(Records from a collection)
==*==

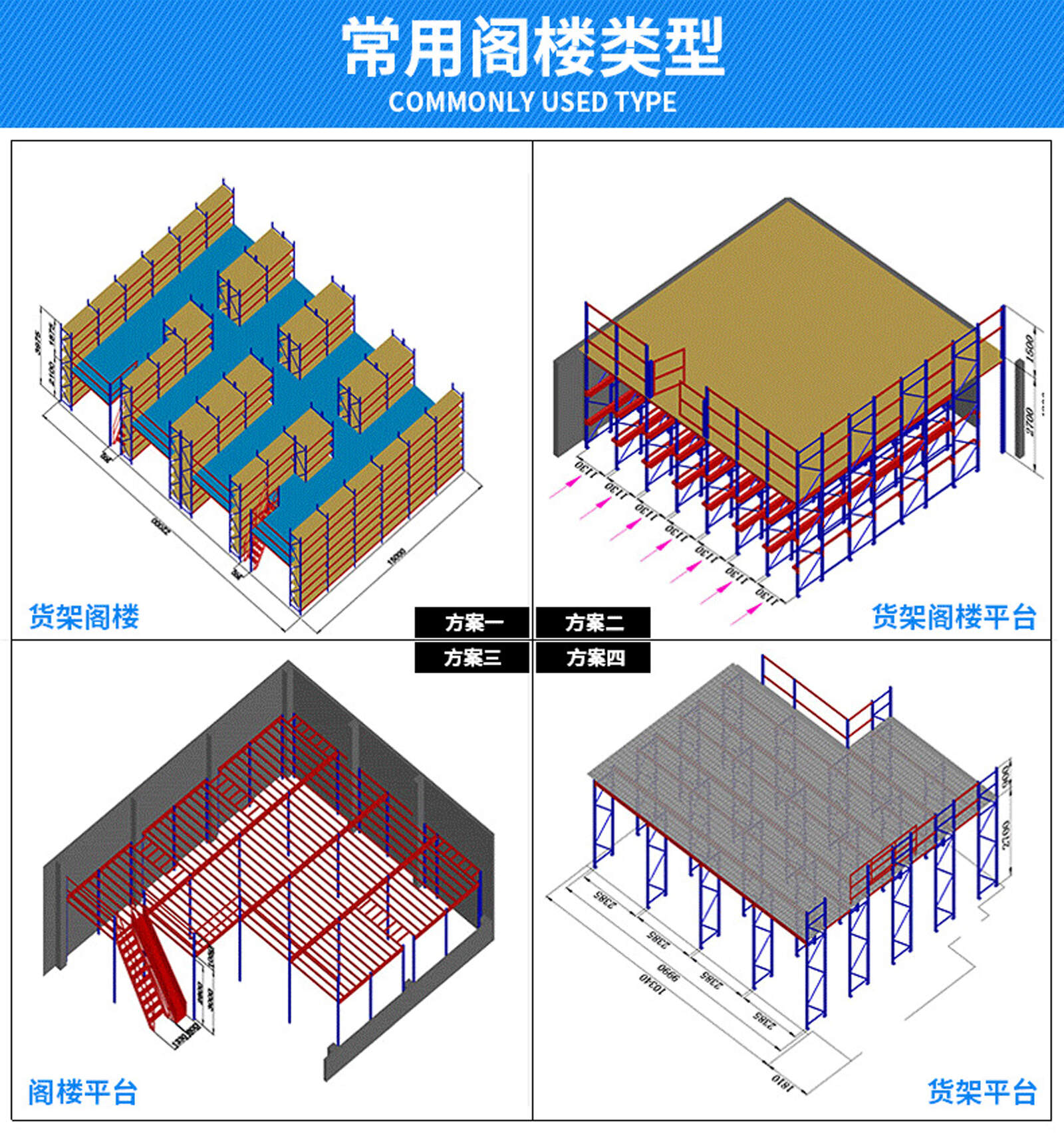 阁楼货架平台:可载200-1000kg/平方(均载)的货物,可具备价格低,方便拆装,安装方便等优势。
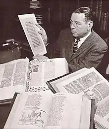 David Anton Randall (5 April 1905 – 25 May 1975) was an American book dealer, librarian and bibliographic scholar. He was head of Scribner's rare book department from 1935 to 1956, librarian of the Lilly Library and Professor of Bibliography at Indiana University. Randall was responsible for the sale of two copies of the Gutenberg Bible.[1][2] As a practitioner of bibliology with a bibliophiliac addiction, a raconteur of history of books, and an avid collector, he developed a keen appreciation for books as physical objects—including the tasks of collecting, cataloging, finding and preserving them.
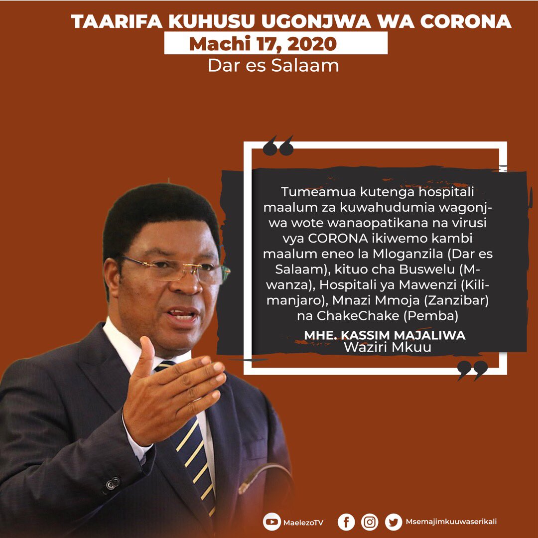 Siku moja baadaye, Waziri Mkuu wa Tanzania, Kassim Majaliwa aliuhakikishia umma kuwa serikali imejipanga kirasilimali, kitaalamu na kimiundombinu kupima na kutoa huduma za kitabibu. Zaidi, akatangaza msimamo wa serikali, wenye udhibiti zaidi, kwamba shule zote zitafungwa kwa siku 30, na wakati huo huo, kupiga marufuku mikusanyiko isiyokuwa ya lazima, kuanzia shughuli za kisiasa, michezo, na mambo ya kijamii. Tamko hili lilifuatiwa siku ifuatayo na la kufunga vyuo vya kati na juu nchini.
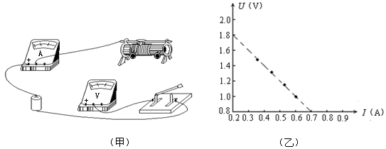 (2)说明闭合电键前,应使变阻器滑片处在________位置上。测得该电源的伏安特性曲线如图(乙)所示,则纵坐标表示的是该电路的____ __电压,![]()
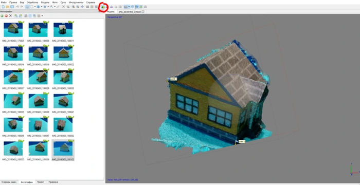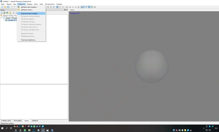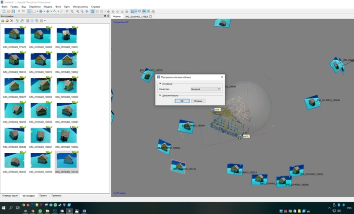 16. Теперь нужно заново проделать операции по преобразованию фотографий в облако точек: «выровнять фотографии», затем «построить плотное облако точек».
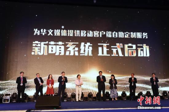新媒体技术发展推动着传媒变革,中新社为更好地服务华媒,发挥自身技术优势,研制开发了“新萌系统”,为华媒提供全面的移动端“平台+内容”的服务解决方案。“新萌系统”启动仪式在第十届世界华文传媒论坛上举行。中新社记者 韩海丹 摄
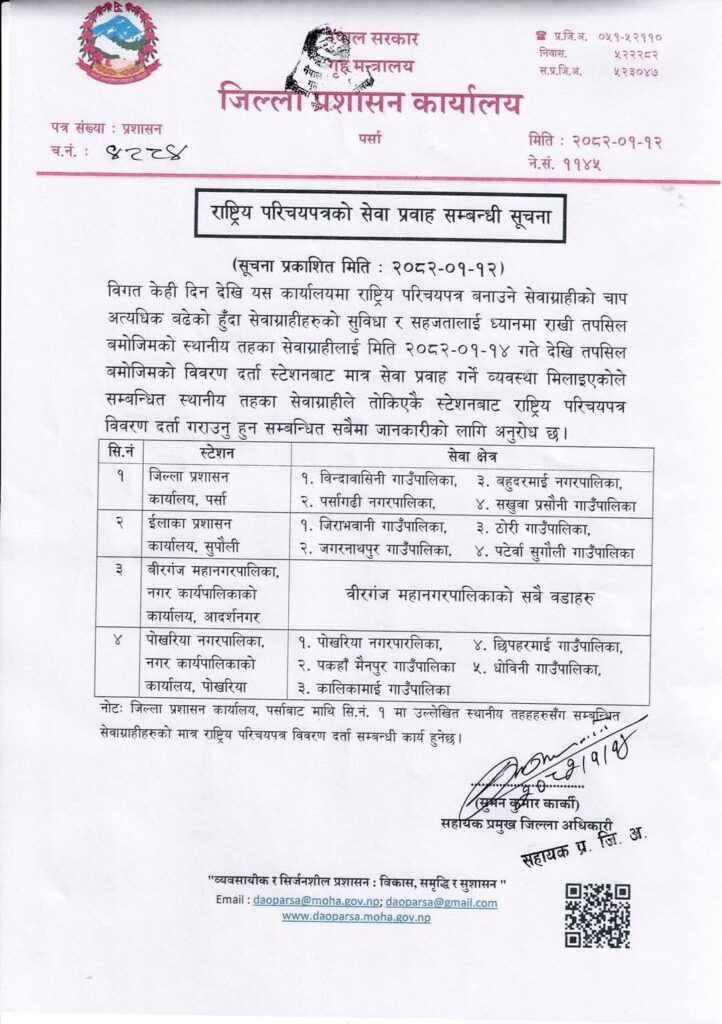 Homeप्रदेश सरकारमधेश जिल्ला प्रशासन कार्यालय पर्सा बाट राष्ट्रिय परिचयपत्र सेवा सम्बन्धि सुचना जारि गरिएको छ । मधेश प्रदेश खवर April 25, 2025 184 0 ताजा / भरखरै प्राप्त भन्सार छली गरी ल्याइँदै गरेको सामान बारा प्रहरीको नियन्त्रणमा:- April 26, 2026 राैतहट जिल्लाको सीमा क्षेत्र तस्करीमा उच्च अधिकारीको संलग्नता :- April 26, 2026 माननीय बिश्वराज पोखरेलले स्कुलका हेडसरलाई थर्काएको हो:- April 25, 2026 सुकुम्बासी अतिक्रमण व्यवस्थापन गर्न उपत्यका सुरक्षा प्रमुखद्वारा निरीक्षण:- April 25, 2026 सिमानाकामा सशस्त्र प्रहरीको तस्करीमा कडाइ:सरकारको अनिवार्यमा विरोध:- April 24, 2026 Share FacebookTwitterPinterestWhatsApp Previous articleसशस्त्र प्रहरीद्वारा भन्सार छली औषधिसहित अमृत पक्राउ:-Next articleसशस्त्र प्रहरीद्वारा भन्सार काटिएको पिकप माछासहित भन्सार बुझाइयो:- लोकप्रिय नागरिकता विधेयक प्रमाणीकरणप्रति राजनीतिक दलबाट मिश्रित प्रतिक्रिया, विराेधमा काठमाडाैंमा प्रदर्शन बिरगंज बाट केदारनाथ दर्शन गरी ऋषिकेश जादा ट्रक ले मिनी बसमा ठोकेको छ, भारतीय मिडिया अनुसार 2 जनाको घटनास्थलमा मृत्यु भएको छ भने 8... आज २०८०,२,१५,गते – गणतन्त्र दिवस,विभिन्न कार्यक्रम आयोजना गरी देशभर मनाइँदै,! Related Articles मधेश प्रदेश खवर - April 26, 2026भन्सार छली गरी ल्याइँदै गरेको सामान बारा प्रहरीको नियन्त्रणमा:- मधेश प्रदेश खवर - April 26, 2026राैतहट जिल्लाको सीमा क्षेत्र तस्करीमा उच्च अधिकारीको संलग्नता :- मधेश प्रदेश खवर - April 25, 2026माननीय बिश्वराज पोखरेलले स्कुलका हेडसरलाई थर्काएको हो:-
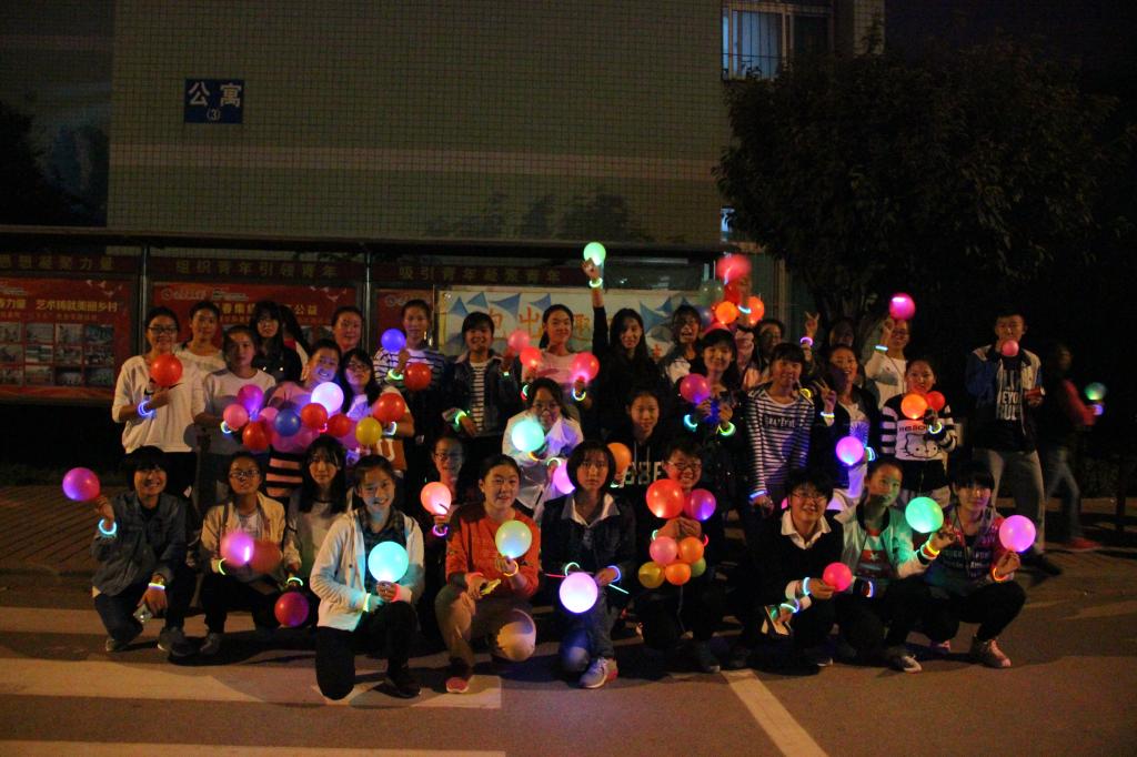 此次“荧光夜跑”活动有近百名同学参加,她们身上带着荧光饰品,手持荧光气球,把整个操场装点成一个荧光闪耀的海洋。“荧光夜跑”采用小组闯关计时制,每四人组成一个小组,小组成员必须全部通过设置的五个关卡,用时最少的小组获胜。每个关卡都设有专门裁判记录小组成员的任务完成情况,看图说成语,搞怪拍照,趣味拼图,填写歌词,层层关卡妙趣横生,操场上欢笑声不断。
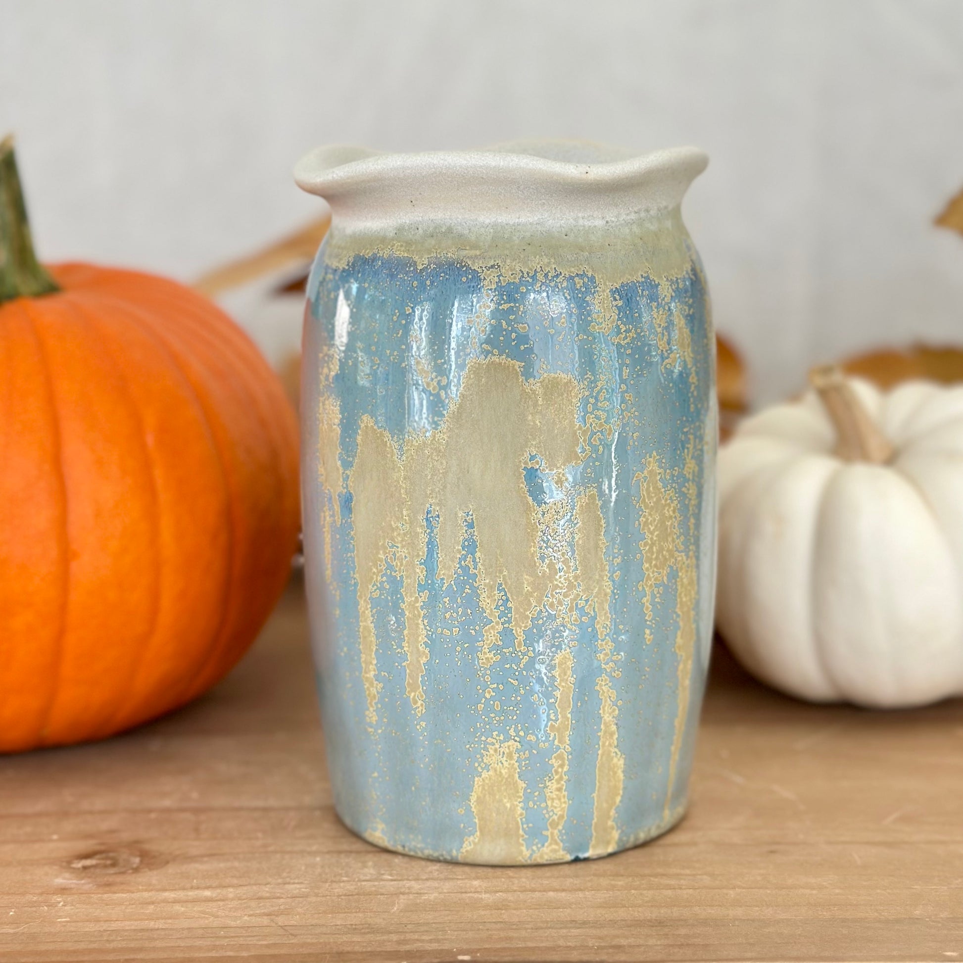 Evoke the tranquility of a coastal scene with this captivating ceramic vase, featuring a serene sky-blue glaze dramatically interrupted by cascading vertical drips of sandy beige. The organic, wavy rim and striking color contrast create an eye-catching, artisanal piece that effortlessly elevates any floral arrangement.

==*==

WHAT IS NEEDED - What's needed is every record restated exactly, pictures excluded.

SOLUTION TO THIS TASK -
 阁楼货架平台:可载200-1000kg/平方(均载)的货物,可具备价格低,方便拆装,安装方便等优势。
 David Anton Randall (5 April 1905 – 25 May 1975) was an American book dealer, librarian and bibliographic scholar. He was head of Scribner's rare book department from 1935 to 1956, librarian of the Lilly Library and Professor of Bibliography at Indiana University. Randall was responsible for the sale of two copies of the Gutenberg Bible.[1][2] As a practitioner of bibliology with a bibliophiliac addiction, a raconteur of history of books, and an avid collector, he developed a keen appreciation for books as physical objects—including the tasks of collecting, cataloging, finding and preserving them.
 Siku moja baadaye, Waziri Mkuu wa Tanzania, Kassim Majaliwa aliuhakikishia umma kuwa serikali imejipanga kirasilimali, kitaalamu na kimiundombinu kupima na kutoa huduma za kitabibu. Zaidi, akatangaza msimamo wa serikali, wenye udhibiti zaidi, kwamba shule zote zitafungwa kwa siku 30, na wakati huo huo, kupiga marufuku mikusanyiko isiyokuwa ya lazima, kuanzia shughuli za kisiasa, michezo, na mambo ya kijamii. Tamko hili lilifuatiwa siku ifuatayo na la kufunga vyuo vya kati na juu nchini.
 (2)说明闭合电键前,应使变阻器滑片处在________位置上。测得该电源的伏安特性曲线如图(乙)所示,则纵坐标表示的是该电路的____ __电压,![]()
 16. Теперь нужно заново проделать операции по преобразованию фотографий в облако точек: «выровнять фотографии», затем «построить плотное облако точек».
新媒体技术发展推动着传媒变革,中新社为更好地服务华媒,发挥自身技术优势,研制开发了“新萌系统”,为华媒提供全面的移动端“平台+内容”的服务解决方案。“新萌系统”启动仪式在第十届世界华文传媒论坛上举行。中新社记者 韩海丹 摄
 Homeप्रदेश सरकारमधेश जिल्ला प्रशासन कार्यालय पर्सा बाट राष्ट्रिय परिचयपत्र सेवा सम्बन्धि सुचना जारि गरिएको छ । मधेश प्रदेश खवर April 25, 2025 184 0 ताजा / भरखरै प्राप्त भन्सार छली गरी ल्याइँदै गरेको सामान बारा प्रहरीको नियन्त्रणमा:- April 26, 2026 राैतहट जिल्लाको सीमा क्षेत्र तस्करीमा उच्च अधिकारीको संलग्नता :- April 26, 2026 माननीय बिश्वराज पोखरेलले स्कुलका हेडसरलाई थर्काएको हो:- April 25, 2026 सुकुम्बासी अतिक्रमण व्यवस्थापन गर्न उपत्यका सुरक्षा प्रमुखद्वारा निरीक्षण:- April 25, 2026 सिमानाकामा सशस्त्र प्रहरीको तस्करीमा कडाइ:सरकारको अनिवार्यमा विरोध:- April 24, 2026 Share FacebookTwitterPinterestWhatsApp Previous articleसशस्त्र प्रहरीद्वारा भन्सार छली औषधिसहित अमृत पक्राउ:-Next articleसशस्त्र प्रहरीद्वारा भन्सार काटिएको पिकप माछासहित भन्सार बुझाइयो:- लोकप्रिय नागरिकता विधेयक प्रमाणीकरणप्रति राजनीतिक दलबाट मिश्रित प्रतिक्रिया, विराेधमा काठमाडाैंमा प्रदर्शन बिरगंज बाट केदारनाथ दर्शन गरी ऋषिकेश जादा ट्रक ले मिनी बसमा ठोकेको छ, भारतीय मिडिया अनुसार 2 जनाको घटनास्थलमा मृत्यु भएको छ भने 8... आज २०८०,२,१५,गते – गणतन्त्र दिवस,विभिन्न कार्यक्रम आयोजना गरी देशभर मनाइँदै,! Related Articles मधेश प्रदेश खवर - April 26, 2026भन्सार छली गरी ल्याइँदै गरेको सामान बारा प्रहरीको नियन्त्रणमा:- मधेश प्रदेश खवर - April 26, 2026राैतहट जिल्लाको सीमा क्षेत्र तस्करीमा उच्च अधिकारीको संलग्नता :- मधेश प्रदेश खवर - April 25, 2026माननीय बिश्वराज पोखरेलले स्कुलका हेडसरलाई थर्काएको हो:-
 此次“荧光夜跑”活动有近百名同学参加,她们身上带着荧光饰品,手持荧光气球,把整个操场装点成一个荧光闪耀的海洋。“荧光夜跑”采用小组闯关计时制,每四人组成一个小组,小组成员必须全部通过设置的五个关卡,用时最少的小组获胜。每个关卡都设有专门裁判记录小组成员的任务完成情况,看图说成语,搞怪拍照,趣味拼图,填写歌词,层层关卡妙趣横生,操场上欢笑声不断。
 Evoke the tranquility of a coastal scene with this captivating ceramic vase, featuring a serene sky-blue glaze dramatically interrupted by cascading vertical drips of sandy beige. The organic, wavy rim and striking color contrast create an eye-catching, artisanal piece that effortlessly elevates any floral arrangement.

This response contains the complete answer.